(TASK INPUT Opens)
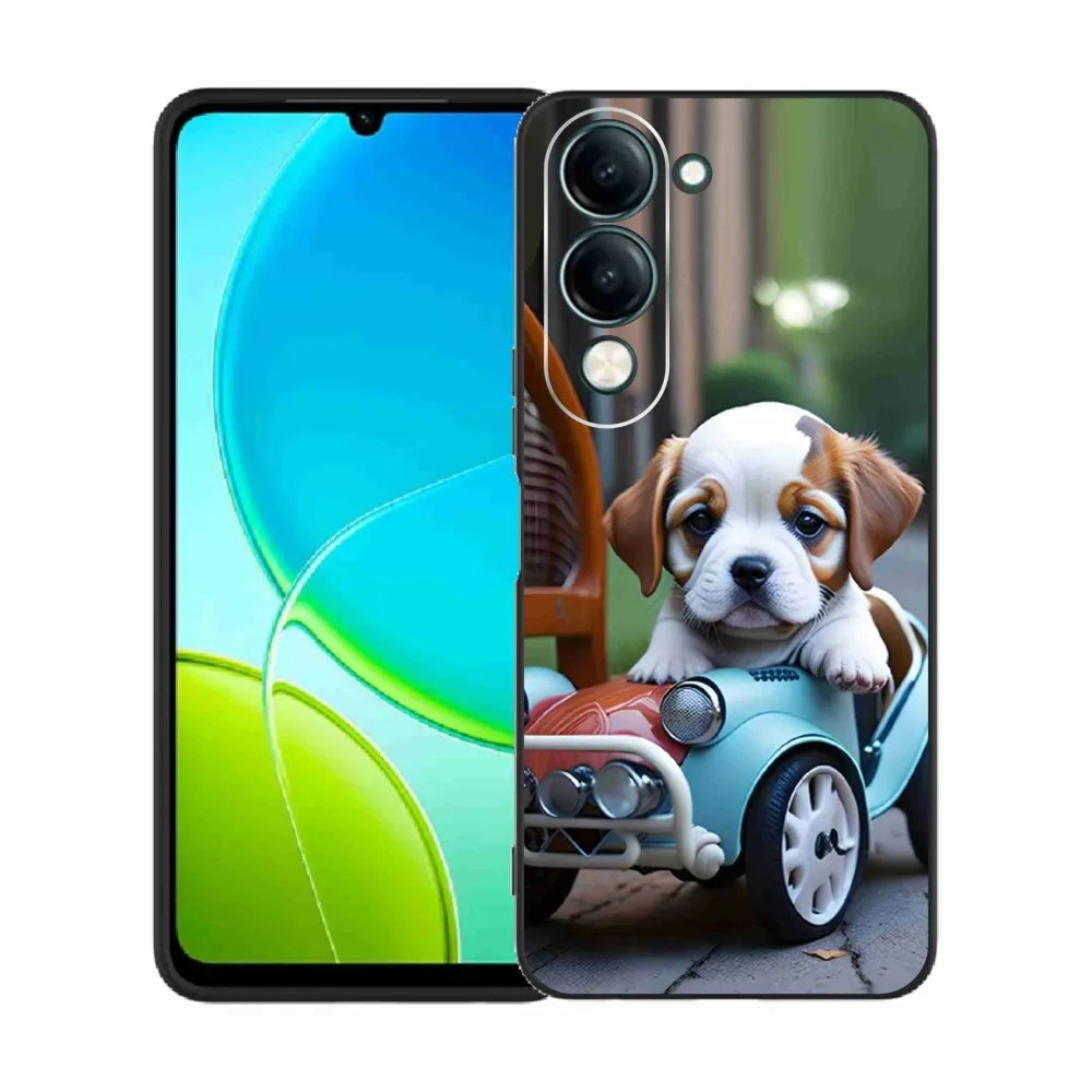 Gél borító mmCase a Vivo Y29S 5G-hez - kiskutya a retro autóban
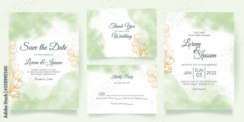 Fototapeta premium watercolo wedding invitation card template set with floral decoration
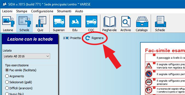 - il tipo di esercitazione (scheda fac-simile esame; per argomento; con quiz selezionati dall'insegnante - gialli -; con quiz difficili - arancioni - o, in caso di entrata in vigore di nuovi quiz, con i quesiti nuovi, identificati in blu).
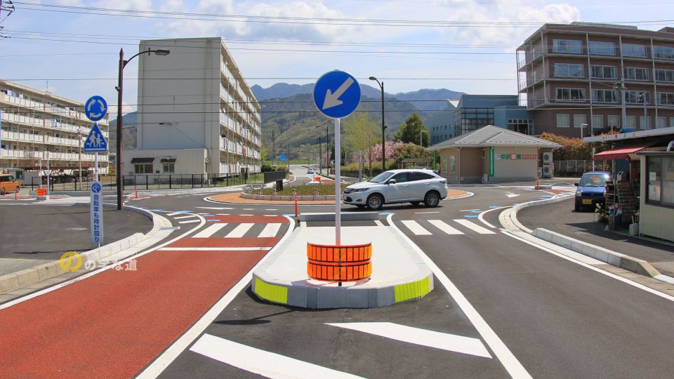 朝夕は通学児童や通勤通院車両等が多く信号機の設置を求める声が多かったが、全体交通量を考慮すると信号機の設置には至らなかった交差点。交通量の少ない交差点で信号機が無くても安全かつ円滑な交通と重大事故の削減が期待できるということで、社会資本整備総合交付金を活用してラウンドアバウト化したとのこと。
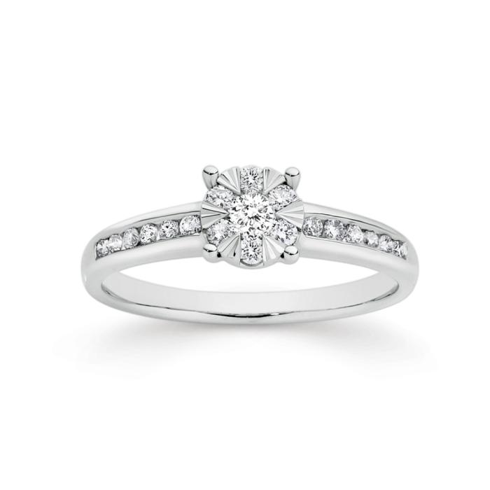 9ct White Gold Diamond Round Brilliant Cut Cluster Engagement Ring with Channel Set Shoulder Stones Total Diamond Weight=.35ct
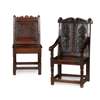to include an armchair with a twin panel back carved with stylised leaf and flower motifs; and a backstool, the panel back carved with a leaf-filled lozenge
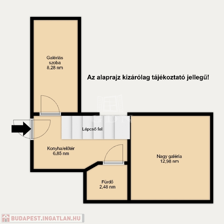 - 1 db 12 m²-es ággyal rendelkező galéria
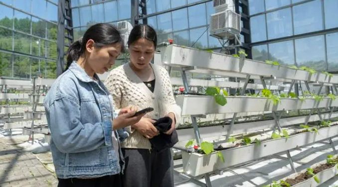 2024年4月24日,徐林艷(左)和郜艷芳(右)通過手機(jī)查看大棚實時數(shù)據(jù)。(黃定懿 攝) 如果說水、肥是傳統(tǒng)農(nóng)業(yè)的關(guān)鍵,那么電毫無疑問是智慧農(nóng)業(yè)的關(guān)鍵。據(jù)悉,為了確保智能蔬菜園高品質(zhì)用電,當(dāng)?shù)毓╇姴块T對一條10千伏配電線路進(jìn)行了升級改造,同時新增了1臺400千伏安變壓器。
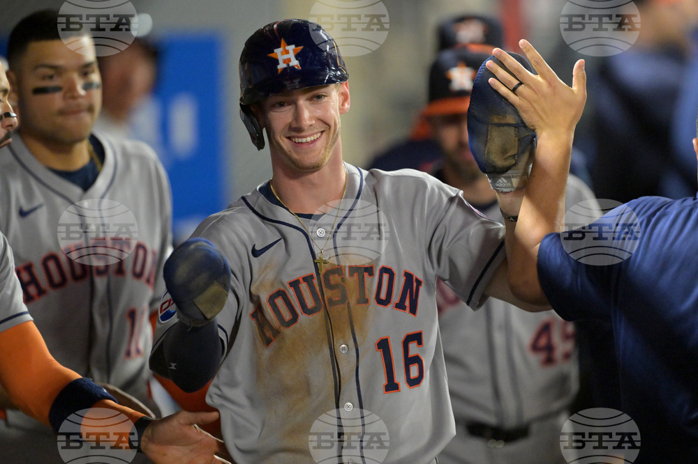 Houston Astros Zach Cole is congratulated in the dugout after scoring a run during the fourth inning of a baseball game against the Los Angeles Angels, Friday, Sept. 26, 2025, in Anaheim, Calif. (AP Photo/Jayne Kamin-Oncea)
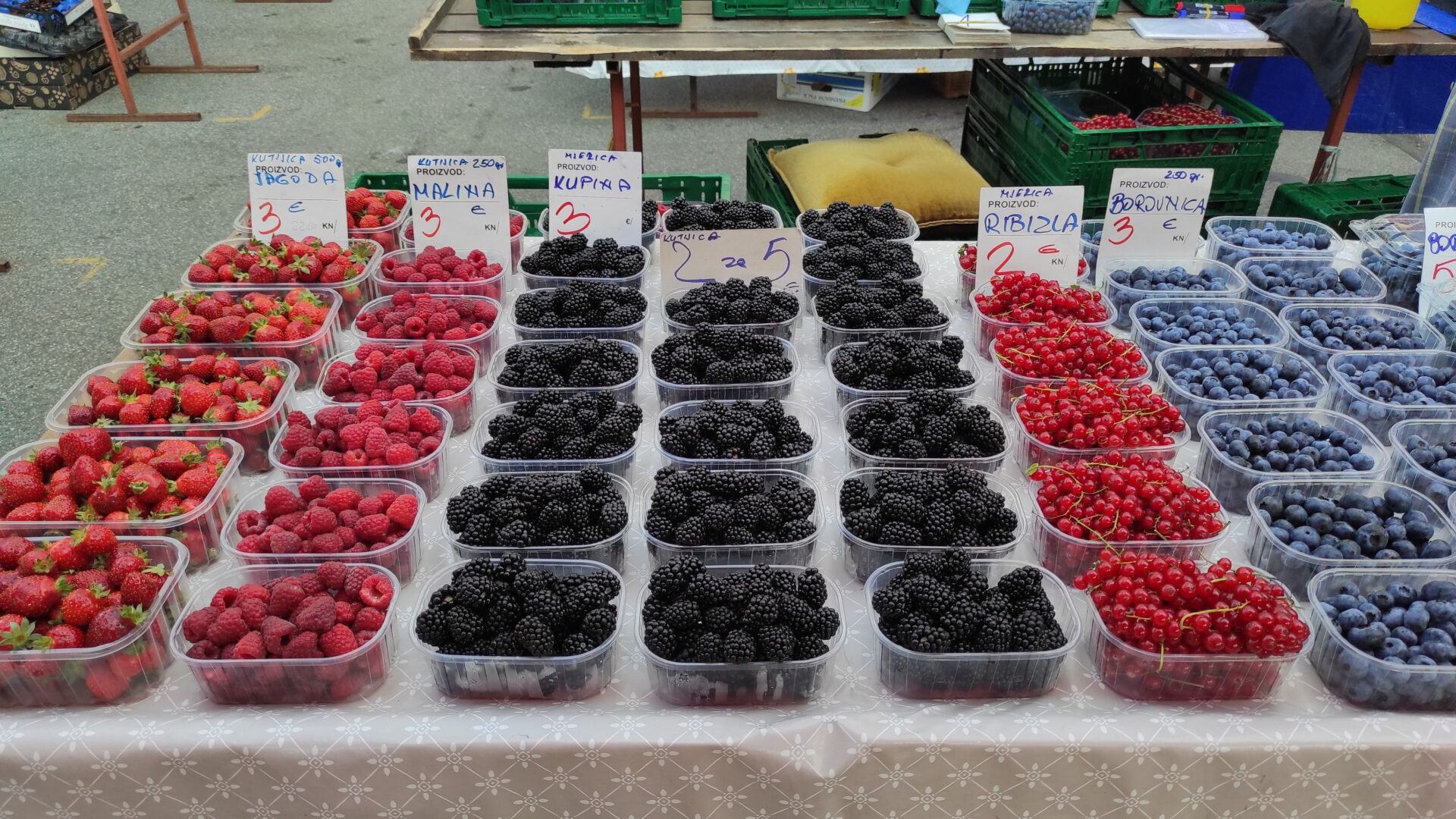 Η αγορά λοιπόν του Ντόλατς που βρίσκεται εκεί από το 1930, συγκεντρώνει αγρότες-παραγωγούς από τις γύρω περιοχές της κροάτικης υπαίθρου που έρχονται για να πουλήσουν τα φρέσκα φρούτα και τα λαχανικά τους και όχι μόνο.
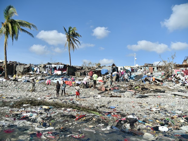 Casas ficam destruídas pela passagem do furacão Matthew por Jeremie, no Haiti (Foto: Carlos Garcia Rawlins/Reuters)
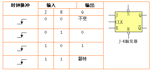 J-K触发器的逻辑符号如下,R、S分别为强制置0、置1端。K为同步置0输入端,J为同步置1输入端。触发器的状态是由时钟脉冲CLK下降沿到来时J、K端的状态决定,其真值表如下
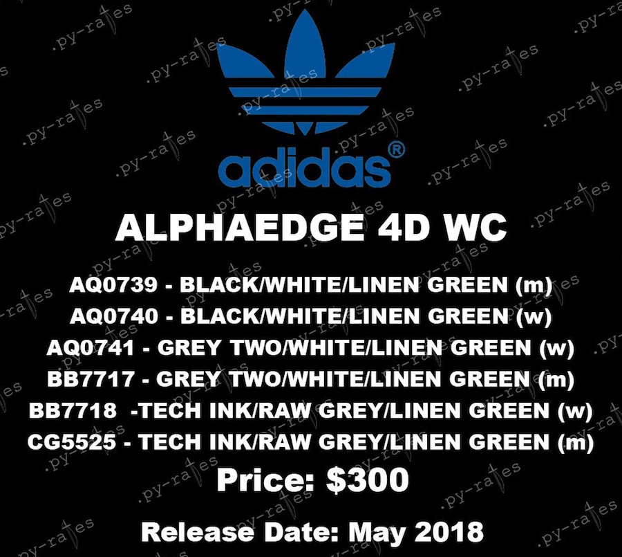 而关于 4D 跑鞋我们何时能够入手,目前也有了让人欣喜的眉目。从爆料账号 pyrates 释出照片中看,全新进化鞋型 adidas Alphaedge 4D WC 将在明年 5 月登场,带来三种配色男女款均有的大规模市售。
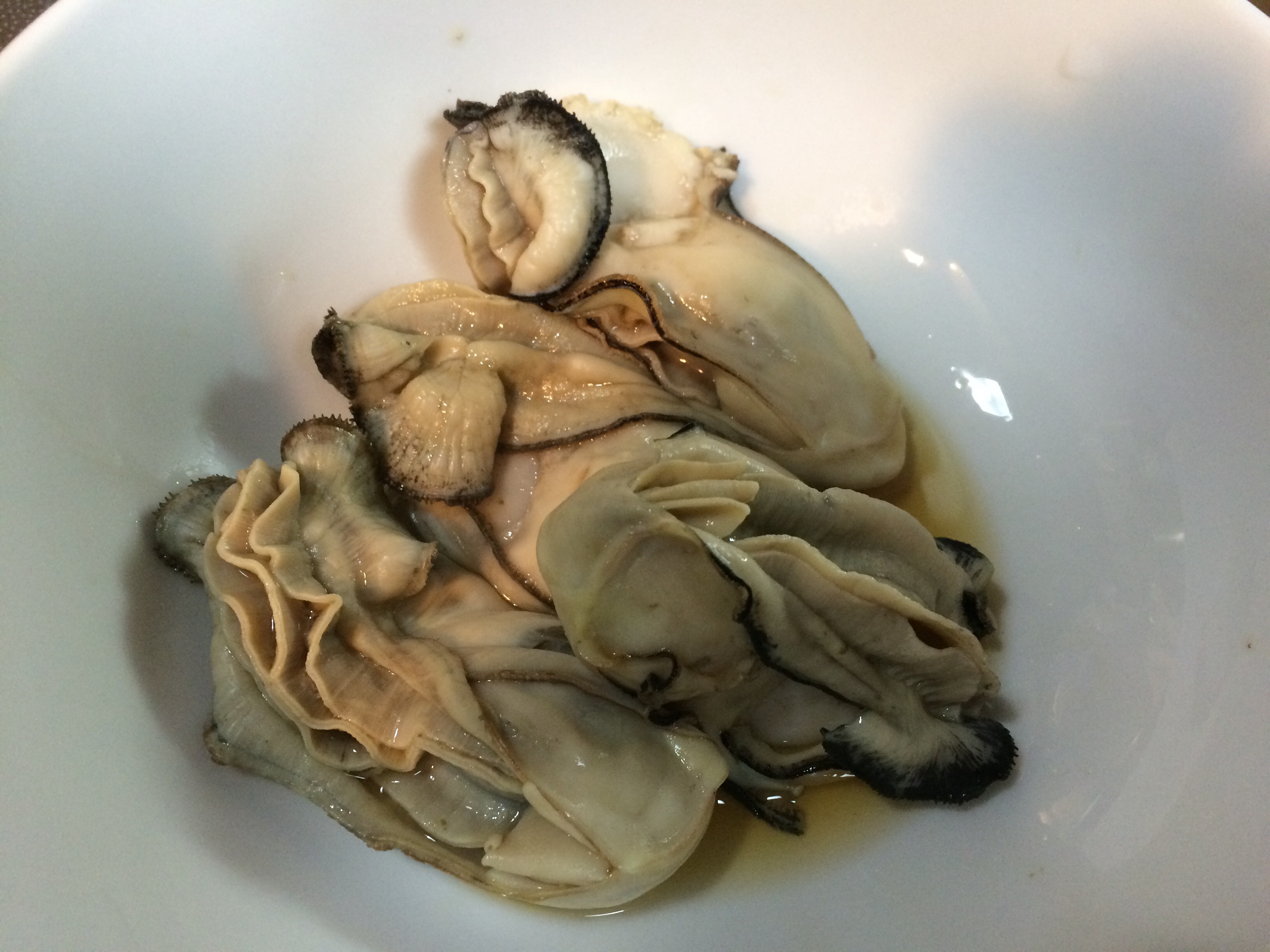 ・お汁で生牡蠣を半生に湯搔き、香りを移す
(TASK INPUT Closes)
◆ WHAT IS EXPECTED ◆
Pictures aside, transcribe exactly the lines from the line containing "Casas ficam destruídas" through the final line of the material above.

◆ WRITTEN RESPONSE ◆
 Casas ficam destruídas pela passagem do furacão Matthew por Jeremie, no Haiti (Foto: Carlos Garcia Rawlins/Reuters)
 J-K触发器的逻辑符号如下,R、S分别为强制置0、置1端。K为同步置0输入端,J为同步置1输入端。触发器的状态是由时钟脉冲CLK下降沿到来时J、K端的状态决定,其真值表如下
 而关于 4D 跑鞋我们何时能够入手,目前也有了让人欣喜的眉目。从爆料账号 pyrates 释出照片中看,全新进化鞋型 adidas Alphaedge 4D WC 将在明年 5 月登场,带来三种配色男女款均有的大规模市售。
 ・お汁で生牡蠣を半生に湯搔き、香りを移す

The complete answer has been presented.